Чтение онлайн

на главную

Жанры

Писатель на дорогах Исхода. Откуда и куда? Беседы в пути
Шрифт:

С точки зрения российской литературы мы периферия, и сегодня критику из-за рубежа трудно стать властителем дум, хотя бы потому, что голоса его почти никто там не слышит. Что Прилепину, Пелевину, Петрушевской, Быкову или Токаревой мое мнение? Вряд ли оно до них и дошло. Но если изменятся обстоятельства (синусоида, она синусоида и есть), то и в критике ситуация может стать иной. В принципе, то же можно сказать обо всей эмигрантской литературе. Ее статус частично зависит от политики. Бесконечно обсуждается вопрос, едина ли русская литература и была ли таковой при советской власти. Мне эта схоластическая дискуссия напоминает разговор о том, сколько в мире английских языков. Хотя сторонники мультикультуризма давно придумали уродливое множественное число Englishes и даже завели журнал с таким названием, всё же новозеландец,

например, нуждается в переводчике, когда попадает в Рим или в Каир, а не в Манчестер или Даллас, при том что понимание бывает весьма затруднено.

Если эмигрантская литература – это книги, написанные эмигрантами, пусть нынче и издаваемые в Москве, то ее отмечает особый диалект. Я имею в виду именно эмигрантов, а не тех, кто подолгу живет за границей, как жили Гоголь, Жуковский, Тютчев и Тургенев. Эмигранты – постоянные жители Израиля, США, Германии и т. д. У них и привычки (часто ими самими неосознаваемые), и опыт принципиально отличны от привычек и опыта россиян. Их дети, не говоря уже о внуках, учились или учатся в школах и колледжах с программами и установками, порой ничем не напоминающими российские. Как ни пристально даже старшее поколение следит за Путиным, – Трамп, Меркель и прочие важнее для них. Если в этой среде появляется серьезный писатель, пусть такой, который пишет о прошлом, у него уже иной взгляд на мир и на это прошлое. Темные аллеи видятся издалека не так, как вблизи: освещение иное.

В Америке вроде бы никто, кроме специалистов по Джеку Лондону, не читал романа «Мартин Иден», а мы оба читали. Если помните, Мартин, уже опустошенный и несчастный, решил встретиться со старыми друзьями-матросами в надежде, что в столь милой по воспоминаниям обстановке возродится к жизни, но не испытал ничего, кроме раздражения и скуки. И матросам он был почти не нужен. Эмигрантский критик смотрит на эмигрантскую литературу изнутри, а российскую видит глазами постороннего, и в обоих случаях его взгляд может быть ценен. Другое дело, что дети эмигрантов – это уже в большинстве своем не русскоязычный народ, и русская литература – последнее, что их заботит. Но мы-то пока еще живы.

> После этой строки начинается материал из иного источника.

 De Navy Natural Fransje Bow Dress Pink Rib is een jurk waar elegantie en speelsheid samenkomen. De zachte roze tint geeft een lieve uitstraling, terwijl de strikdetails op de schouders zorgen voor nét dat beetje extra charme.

ЕЦ Недавно появился цикл ваших статей о тетралогии Бенедикта Сарнова «Сталин и писатели». В чем новизна взгляда Сарнова? Ведь уже достаточно сказано о том, как Сталин уничтожал лучших писателей СССР: одних лишил жизни, отправил в лагеря, других – растлил нравственно, третьи – задохнулись, потеряли индивидуальность в атмосфере всеобщего страха. Есть, наконец, глубокая книга Евгения Громова об эстетических взглядах Сталина.

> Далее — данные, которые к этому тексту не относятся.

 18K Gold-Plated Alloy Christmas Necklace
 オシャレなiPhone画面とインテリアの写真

АЛ Этот цикл был опубликован во франкфуртских Мостах. Я не думаю, что Сарнов сказал что-нибудь новое (то же относится к его увлекательной книге «Советский новояз»), но он превосходно обобщил гигантский материал, осветил его своим пониманием давнишних событий и рассказал всё умно и доходчиво. Он нашел убедительную композицию: сначала идут документы об отношении Сталина к тому или иному писателю, а потом мы узнаём о реакции дрессированной «общественности» и судьбе жертвы (хозяин ведь мог сменить гнев на милость или обронить таинственную фразу). Затем следуют комментарии. Картина получилась впечатляющей, и четыре огромных тома – достойный венец его карьеры. Жутко лишь идти вслед за ним по выжженной земле и остаться с черным обелиском на месте того, что было цветущим садом.

ЕЦ С вашей помощью заговорили по-английски Лермонтов, Тютчев и Боратынский. Толстые тома, столь необходимые в этом случае огромные комментарии, хвалебные отзывы прессы. Но скажите: слышны ли их голоса – голоса русских национальных поэтов позапрошлого века – в сегодняшнем литературном многоголосье США?

АЛ Боратынский пока говорит почти только со мной: книга абсолютно готова, но я еще не нашел издателя. Лермонтова и Тютчева переводили неоднократно; Боратынского стали переводить всерьез недавно. Мне кажется, что мои переводы более «адекватны». В сегодняшнем многоголосье США поэтов прошлого практически нет. Великих англичан (Байрона, Шелли, Китса и поэтов Озерной школы) немного читают только студенты и аспиранты, но и они с трудом сдерживают зевоту. О единицах, которые пишут об этих авторах диссертации, разговора, конечно, нет. То же относится к невероятно популярному когда-то американцу Лонгфелло, автору «Песни о Гайавате», и даже Эдгару По, из которого помнят одну строку.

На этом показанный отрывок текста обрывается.